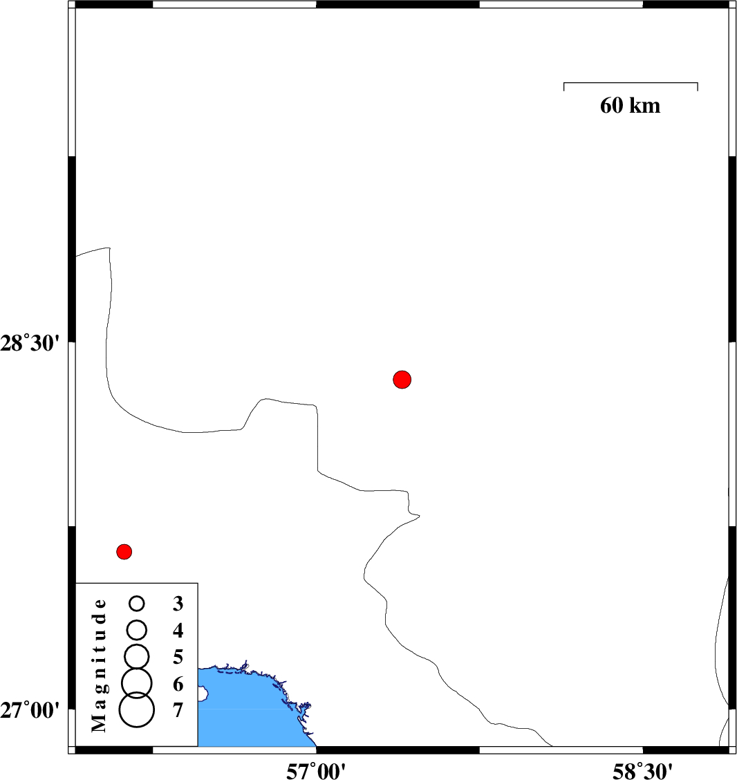 | 2023/10/28 | 19:57:30.3 | 23:27:30.3 | 27.645 | 56.118 | 12 | ML:3.1 | Hormozgan Province, 54 km North-West of Bandar-e abbas | ||
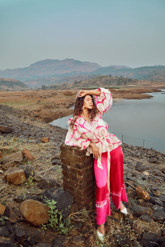 Fuchsia Tie-Dye Overlap Jacket With Pants
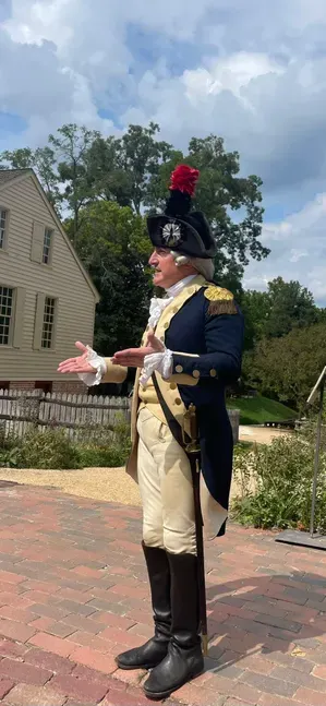 Mark Schneider (pictured below) is a U.S. Army veteran and CW employee for over 25 years. He portrays the Marquis de Lafayette and has made it clear he doesn’t just rely on Lafayette’s words; he reads letters from others about Lafayette.
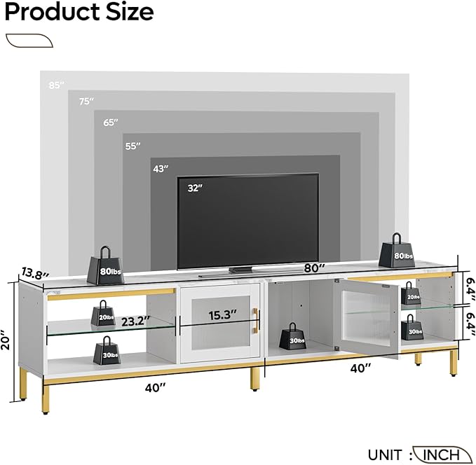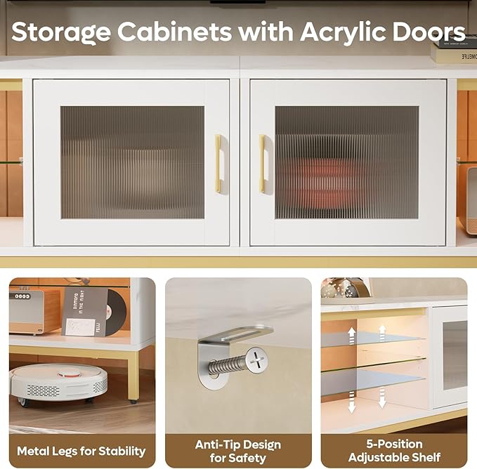 - 【Spacious Storage】The modern white tv stand offers abundant storage with 2 adjustatble glass shelves and 2 acrylic storage cabinets. There are 2 open glass shelves on both sides, which can be easily adjusted to 3 different heights, providing ample space to display PS5 , Switch, Xbox console, DVD, remote controls, gaming accessories or books
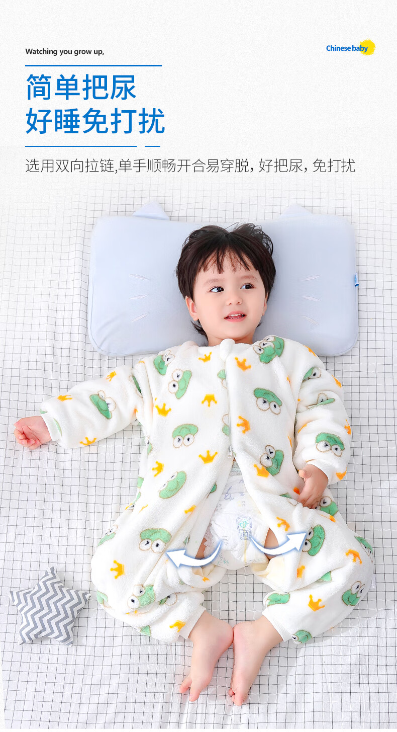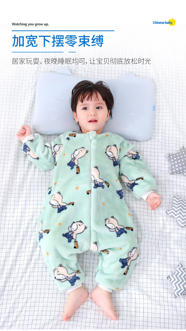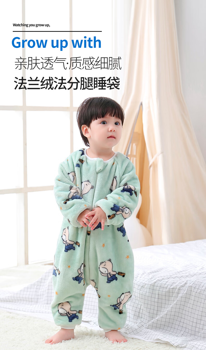 南极人(Nanjiren)婴儿分腿睡袋春秋冬中大儿童防踢子宝宝珊瑚绒家居连体睡衣100cm
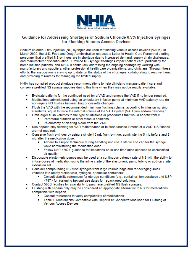 NHIA Guidance for Addressing Shortages of Sodium Chloride 0.9% Injection Syringes for Flushing Venous Access Devices
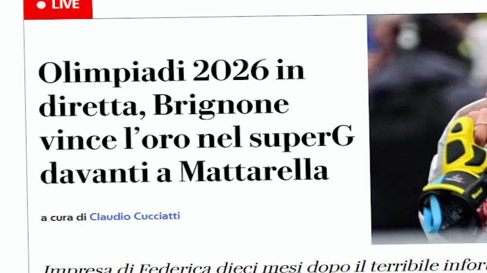 In pieno “crossover” tra due nostre rubriche (“Colpo di stiletto” ed “Italiano, quo vadis?”) si pone quanto pubblicato oggi dalla “Repubblica”, quotidiano italiano, qui sul “web”. Sensazionale è infatti l’oro olimpico appena conquistato dalla sciatrice azzurra Federica Brignone, impostasi nel Super-G a Cortina d’Ampezzo all’età di 35 anni e mezzo ed essendo rientrata solo due mesi or sono da un infortunio normalmente classificato come stroncacarriera. Ancor più clamoroso, standosi per l’appunto al titolo del giornale: al secondo posto, per rigore di graduatoria, risulterebbe essersi classificato/a tale Mattarella, che è poi l’84enne Sergio Mattarella presidente della Repubblica. Morale vecchia scuola: prima di pubblicare, fai sempre leggere ad un collega.
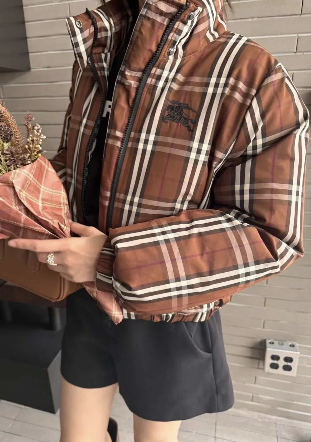 버버리 크롭 체크 나일론 퍼퍼 자켓

**********

[Brief] Copy out exactly the lines above beginning with the line that contains "Fuchsia Tie-Dye Overlap Jacket With Pants" and finishing with the line that contains "Mark Schneider (pictured", including both; leave the pictures out.

[Answer to the exercise]
 Fuchsia Tie-Dye Overlap Jacket With Pants
 Mark Schneider (pictured below) is a U.S. Army veteran and CW employee for over 25 years. He portrays the Marquis de Lafayette and has made it clear he doesn’t just rely on Lafayette’s words; he reads letters from others about Lafayette.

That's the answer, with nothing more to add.